A teraz parę faktów.

Na dwudziestu sześciu władców Rosji - trzynastu zostało  zamordowanych , sześciu zmarło śmiercią podejrzaną, nasuwającą prawdopodobieństwa zabójstwa , jeden odebrał sobie życie a tylko sześciu doczekało się śmierci naturalnej.Przeciętna panowania władców rosyjskich to  14 lat i parę miesięcy.
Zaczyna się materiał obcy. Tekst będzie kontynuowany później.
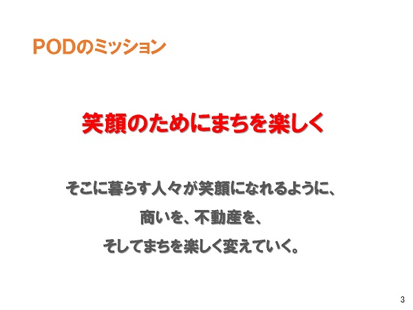 - では、簡単に自己紹介をさせていただきます。業務領域ですが、私どもの会社は、「まち」・「不動産」・「商い」、単体での仕事だけでなく、これらの領域が重なった部分もやらせていただいています。PODという会社は、2人で立ち上げた会社です。立ち上げたのは2010年の3月。今年でまる7年を過ぎて8年目に入ります。

Tych 26 władców Rosji dokonało 16 zamachów stanu i popełniło 12 zabójstw panujących władców,  z tego trzech  zrobiło to własnymi rękami.

Wśród władców byłego ZSRR  początkowo kontynuowano ten  barbarzyński zwyczaj zdobywania władzy, twórca imperium komunistycznego Lenin , umiera wskutek odniesionej rany w  wcześniejszym zamachu,jego sukcesor Trocki przegrywa walkę o władzę z Stalinem,zostaje deportowany z kraju i ginie w zamachu dokonanym przez agenta NKWD. Zwycięski  Stalin umiera w 1953 w bardzo niejasnych okolicznościach / podejrzenie morderstwa/  a jego sukcesor Beria , podejrzany o śmierć Stalina ,zostaje rozstrzelany / zastrzelony ?/. Póżniej leciwi przywódcy  ZSRR zawierają niepisany pakt o przeżycie i dzięki temu  umierają w własnych łóżkach. Po tzw. transformacji Gorbaczowa i nieudolnych rządach Jelcyna władza wpada w ręce młodych, zdolnych z KGB i GRU i od tej pory zaczynają ginąć ich przeciwnicy  polityczni, dziennikarze i przedstawiciele opozycji.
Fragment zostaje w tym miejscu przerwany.